### [WORK ITEM]
Exactly as they appear below, repeat the lines from the one with "Cette élégante faire-part" through the one with "Gantin Velvet leaf-tyynynpäällisen", and no others.

::: MATERIAL SHOWN :::

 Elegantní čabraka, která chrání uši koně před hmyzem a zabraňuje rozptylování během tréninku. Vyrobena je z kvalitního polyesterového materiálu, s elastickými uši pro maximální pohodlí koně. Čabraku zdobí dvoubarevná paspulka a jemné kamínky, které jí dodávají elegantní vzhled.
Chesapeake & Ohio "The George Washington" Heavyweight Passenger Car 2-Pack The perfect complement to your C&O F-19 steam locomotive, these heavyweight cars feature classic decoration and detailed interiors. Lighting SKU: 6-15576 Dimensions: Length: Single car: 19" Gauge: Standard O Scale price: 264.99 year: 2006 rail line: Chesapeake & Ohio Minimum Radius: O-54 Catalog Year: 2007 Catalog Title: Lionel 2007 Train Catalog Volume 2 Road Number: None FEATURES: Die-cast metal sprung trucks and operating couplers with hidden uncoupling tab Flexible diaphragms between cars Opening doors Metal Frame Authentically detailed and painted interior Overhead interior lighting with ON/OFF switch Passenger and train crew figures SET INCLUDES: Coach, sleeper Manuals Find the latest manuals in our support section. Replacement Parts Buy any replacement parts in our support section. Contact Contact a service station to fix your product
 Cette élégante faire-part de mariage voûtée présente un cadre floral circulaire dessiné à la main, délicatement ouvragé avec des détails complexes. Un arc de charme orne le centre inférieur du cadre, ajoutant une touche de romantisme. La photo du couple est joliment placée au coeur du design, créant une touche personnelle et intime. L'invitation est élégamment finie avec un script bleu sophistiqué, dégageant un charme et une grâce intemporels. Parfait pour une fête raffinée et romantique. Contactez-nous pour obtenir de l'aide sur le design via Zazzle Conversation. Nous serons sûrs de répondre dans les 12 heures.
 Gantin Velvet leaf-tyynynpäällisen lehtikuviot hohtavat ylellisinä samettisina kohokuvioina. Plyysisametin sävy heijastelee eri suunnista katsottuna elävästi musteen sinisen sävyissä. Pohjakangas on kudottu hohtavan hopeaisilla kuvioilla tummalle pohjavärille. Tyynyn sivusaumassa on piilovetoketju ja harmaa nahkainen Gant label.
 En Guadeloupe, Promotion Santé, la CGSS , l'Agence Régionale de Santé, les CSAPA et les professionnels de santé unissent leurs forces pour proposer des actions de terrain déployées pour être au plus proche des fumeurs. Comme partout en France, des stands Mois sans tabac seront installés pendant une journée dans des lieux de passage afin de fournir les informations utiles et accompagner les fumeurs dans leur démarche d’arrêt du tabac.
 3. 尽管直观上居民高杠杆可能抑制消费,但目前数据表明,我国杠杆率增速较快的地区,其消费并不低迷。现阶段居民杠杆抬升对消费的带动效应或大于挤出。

:::
::: MATERIAL SHOWN :::

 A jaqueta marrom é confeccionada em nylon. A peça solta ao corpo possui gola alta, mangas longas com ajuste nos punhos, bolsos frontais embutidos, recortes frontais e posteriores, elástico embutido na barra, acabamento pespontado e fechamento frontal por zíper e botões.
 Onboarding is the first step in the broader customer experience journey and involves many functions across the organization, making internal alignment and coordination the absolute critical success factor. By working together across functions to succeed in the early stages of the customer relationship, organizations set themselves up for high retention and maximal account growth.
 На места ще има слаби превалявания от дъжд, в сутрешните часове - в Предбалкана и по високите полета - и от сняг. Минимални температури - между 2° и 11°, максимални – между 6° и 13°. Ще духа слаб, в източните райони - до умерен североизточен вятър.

:::

### [TASK RESULT]
 Cette élégante faire-part de mariage voûtée présente un cadre floral circulaire dessiné à la main, délicatement ouvragé avec des détails complexes. Un arc de charme orne le centre inférieur du cadre, ajoutant une touche de romantisme. La photo du couple est joliment placée au coeur du design, créant une touche personnelle et intime. L'invitation est élégamment finie avec un script bleu sophistiqué, dégageant un charme et une grâce intemporels. Parfait pour une fête raffinée et romantique. Contactez-nous pour obtenir de l'aide sur le design via Zazzle Conversation. Nous serons sûrs de répondre dans les 12 heures.
 Gantin Velvet leaf-tyynynpäällisen lehtikuviot hohtavat ylellisinä samettisina kohokuvioina. Plyysisametin sävy heijastelee eri suunnista katsottuna elävästi musteen sinisen sävyissä. Pohjakangas on kudottu hohtavan hopeaisilla kuvioilla tummalle pohjavärille. Tyynyn sivusaumassa on piilovetoketju ja harmaa nahkainen Gant label.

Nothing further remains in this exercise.